Get Ready For Google Gadget Malware

July 25, 2008 – 5:23 PM

“Gmalware” may be coming soon to your iGoogle page.

In two weeks, at the Black Hat Conference on Wednesday, Aug. 6, Cenzic senior security analyst Tom Stracener and security researcher Robert Hansen, better known as “RSnake,” plan to demonstrate a zero-day vulnerability that affects Google Gadgets.

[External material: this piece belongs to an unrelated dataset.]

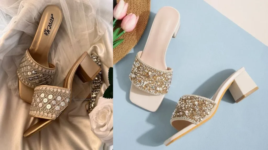 ब्लॉक हील्स आजकल ट्रेंड में हैं. इसके आगे का स्ट्रेट कट डिजाइन बहुत प्यारा लगता है. शादियों में पहनने के लिए इसके स्ट्रैप पर मोतियों की कढ़ाई की गई है, जो बहुत ही एलिगेंट लग रही है. यह हील्स भी साड़ी हो या सूट सभी पर बहुत सुंदर दिखेंगी. कम हाइट होने की वजह से यह कम्फर्टेबल भी हैं.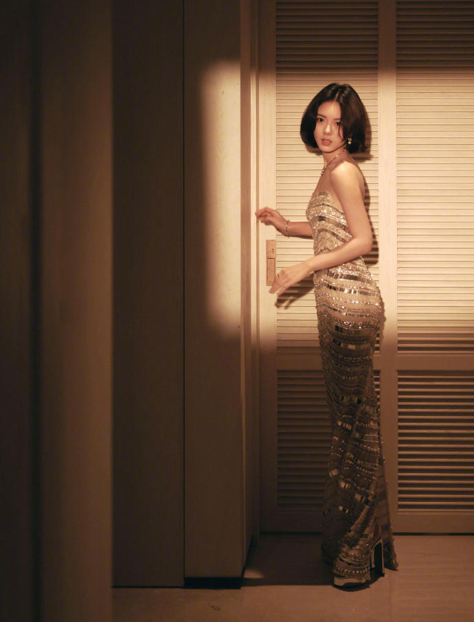 赵今麦完全女王来的,亮相活动造型大片,身着银色抹胸亮片长裙,利落短发佩戴全套高级珠宝。像把银河穿在身上,一颦一笑都耀眼夺目,状态超级好

“At the core of the talk is the concept of Gmalware, which is basically a malicious gadget,” said Stracener. “The idea is that gadgets are supported by the gmodule domain and security architecture. And with the current security architecture, it doesn’t protect individuals from malicious gadgets very well. Nor does it protect gadgets from one another.”

Google Gadgets, said Stracener, are vulnerable to information theft, deceptive practices, content spoofing, and authentication issues.

A Google Gadget, for example, can log you into an account without your knowledge and monitor your Google Search queries, Stracener explained. It can also be made to attack another Google Gadget and steal information.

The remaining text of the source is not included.